THE TASK »
When copying the data, keep every line exactly the same.

Items listed in a dataset:
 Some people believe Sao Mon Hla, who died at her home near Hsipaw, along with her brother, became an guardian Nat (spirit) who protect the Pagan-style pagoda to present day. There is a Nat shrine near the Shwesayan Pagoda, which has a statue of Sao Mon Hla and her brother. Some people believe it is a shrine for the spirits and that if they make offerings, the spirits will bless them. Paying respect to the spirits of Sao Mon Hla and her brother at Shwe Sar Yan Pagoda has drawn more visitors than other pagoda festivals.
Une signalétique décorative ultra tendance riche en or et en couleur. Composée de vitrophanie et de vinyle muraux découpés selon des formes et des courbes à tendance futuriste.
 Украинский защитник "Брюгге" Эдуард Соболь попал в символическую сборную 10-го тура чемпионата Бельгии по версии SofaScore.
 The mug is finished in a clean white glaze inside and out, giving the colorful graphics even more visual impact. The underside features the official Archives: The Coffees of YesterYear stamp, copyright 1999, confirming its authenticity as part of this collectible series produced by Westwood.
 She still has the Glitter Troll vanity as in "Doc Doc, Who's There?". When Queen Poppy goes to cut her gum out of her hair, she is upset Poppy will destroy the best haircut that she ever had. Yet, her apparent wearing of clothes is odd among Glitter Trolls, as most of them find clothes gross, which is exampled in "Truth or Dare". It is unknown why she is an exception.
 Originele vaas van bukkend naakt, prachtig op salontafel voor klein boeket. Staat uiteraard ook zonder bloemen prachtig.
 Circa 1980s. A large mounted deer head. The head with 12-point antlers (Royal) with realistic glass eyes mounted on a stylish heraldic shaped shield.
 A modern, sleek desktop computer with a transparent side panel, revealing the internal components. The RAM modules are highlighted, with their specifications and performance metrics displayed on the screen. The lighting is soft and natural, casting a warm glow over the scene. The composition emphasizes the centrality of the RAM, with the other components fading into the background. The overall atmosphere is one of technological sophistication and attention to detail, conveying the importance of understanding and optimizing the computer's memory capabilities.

EXERCISE OUTPUT »
 Some people believe Sao Mon Hla, who died at her home near Hsipaw, along with her brother, became an guardian Nat (spirit) who protect the Pagan-style pagoda to present day. There is a Nat shrine near the Shwesayan Pagoda, which has a statue of Sao Mon Hla and her brother. Some people believe it is a shrine for the spirits and that if they make offerings, the spirits will bless them. Paying respect to the spirits of Sao Mon Hla and her brother at Shwe Sar Yan Pagoda has drawn more visitors than other pagoda festivals.
Une signalétique décorative ultra tendance riche en or et en couleur. Composée de vitrophanie et de vinyle muraux découpés selon des formes et des courbes à tendance futuriste.
 Украинский защитник "Брюгге" Эдуард Соболь попал в символическую сборную 10-го тура чемпионата Бельгии по версии SofaScore.
 The mug is finished in a clean white glaze inside and out, giving the colorful graphics even more visual impact. The underside features the official Archives: The Coffees of YesterYear stamp, copyright 1999, confirming its authenticity as part of this collectible series produced by Westwood.
 She still has the Glitter Troll vanity as in "Doc Doc, Who's There?". When Queen Poppy goes to cut her gum out of her hair, she is upset Poppy will destroy the best haircut that she ever had. Yet, her apparent wearing of clothes is odd among Glitter Trolls, as most of them find clothes gross, which is exampled in "Truth or Dare". It is unknown why she is an exception.
 Originele vaas van bukkend naakt, prachtig op salontafel voor klein boeket. Staat uiteraard ook zonder bloemen prachtig.
 Circa 1980s. A large mounted deer head. The head with 12-point antlers (Royal) with realistic glass eyes mounted on a stylish heraldic shaped shield.
 A modern, sleek desktop computer with a transparent side panel, revealing the internal components. The RAM modules are highlighted, with their specifications and performance metrics displayed on the screen. The lighting is soft and natural, casting a warm glow over the scene. The composition emphasizes the centrality of the RAM, with the other components fading into the background. The overall atmosphere is one of technological sophistication and attention to detail, conveying the importance of understanding and optimizing the computer's memory capabilities.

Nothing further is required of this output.